**DATASET EXTRACT**
##########

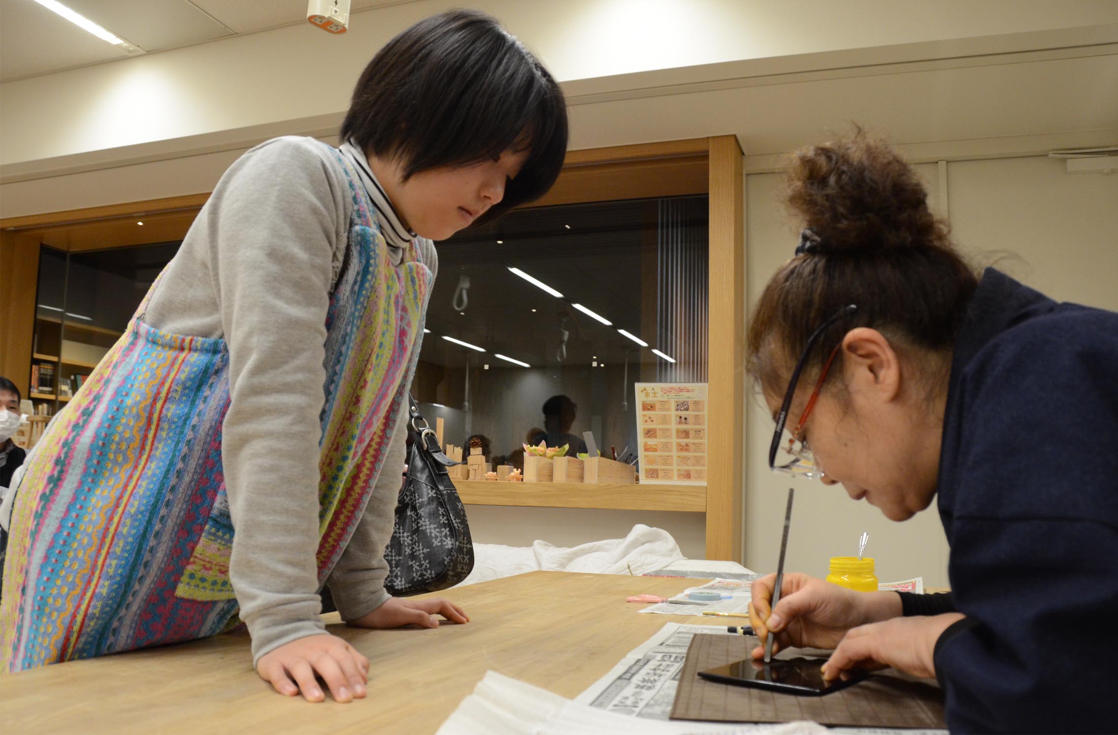 | Date et temps samedi, le 11 février 2017 10:00-12:00, 14:00-16:00 Pièce de menuiserie de Musée des outils de charpentier Takenaka de lieu Le conférencier Aiko Ishimoto, Norio Ishimoto (personne d'art de laque) On a tenu un atelier dans la commémoration de laque "d'exposition de plan l'hymne d'Aya - l'exposition d'art de laque d'Aiko Ishimoto -" l'exploitation. Le conférencier est Norio d'Aiko Ishimoto et du maître. |
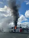 Røykedykkere fra brannvesenet er på vei inn i bussen.
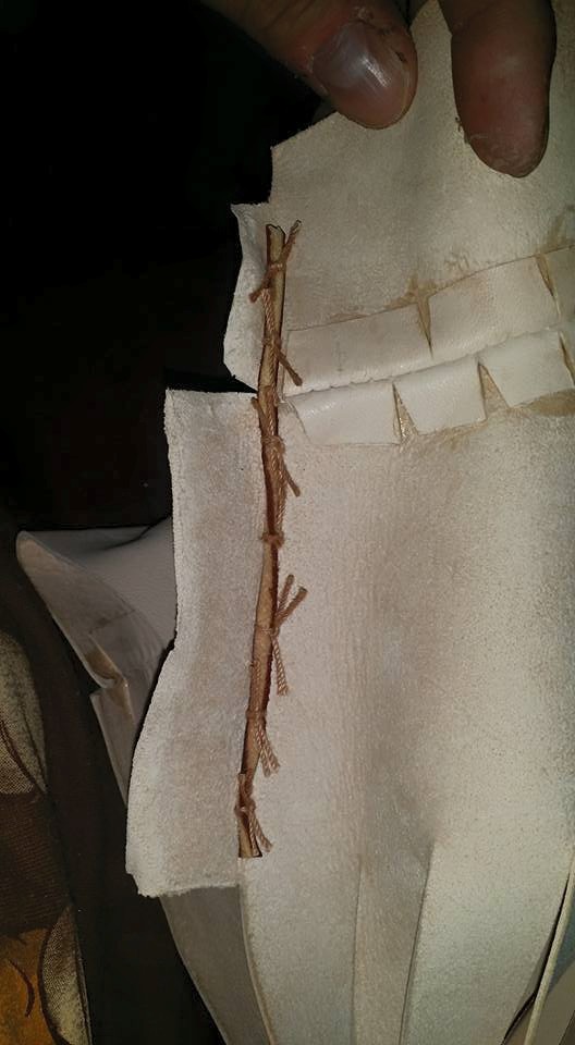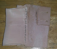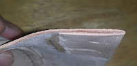 Prototype of the skieved edge, button hole and stitching through 5 layers of leather.

##########

**TO DO**
Copy out all the data exactly. No images belong in the copy.

**SOLUTION FOR THIS EXERCISE**
 | Date et temps samedi, le 11 février 2017 10:00-12:00, 14:00-16:00 Pièce de menuiserie de Musée des outils de charpentier Takenaka de lieu Le conférencier Aiko Ishimoto, Norio Ishimoto (personne d'art de laque) On a tenu un atelier dans la commémoration de laque "d'exposition de plan l'hymne d'Aya - l'exposition d'art de laque d'Aiko Ishimoto -" l'exploitation. Le conférencier est Norio d'Aiko Ishimoto et du maître. |
 Røykedykkere fra brannvesenet er på vei inn i bussen.
 Prototype of the skieved edge, button hole and stitching through 5 layers of leather.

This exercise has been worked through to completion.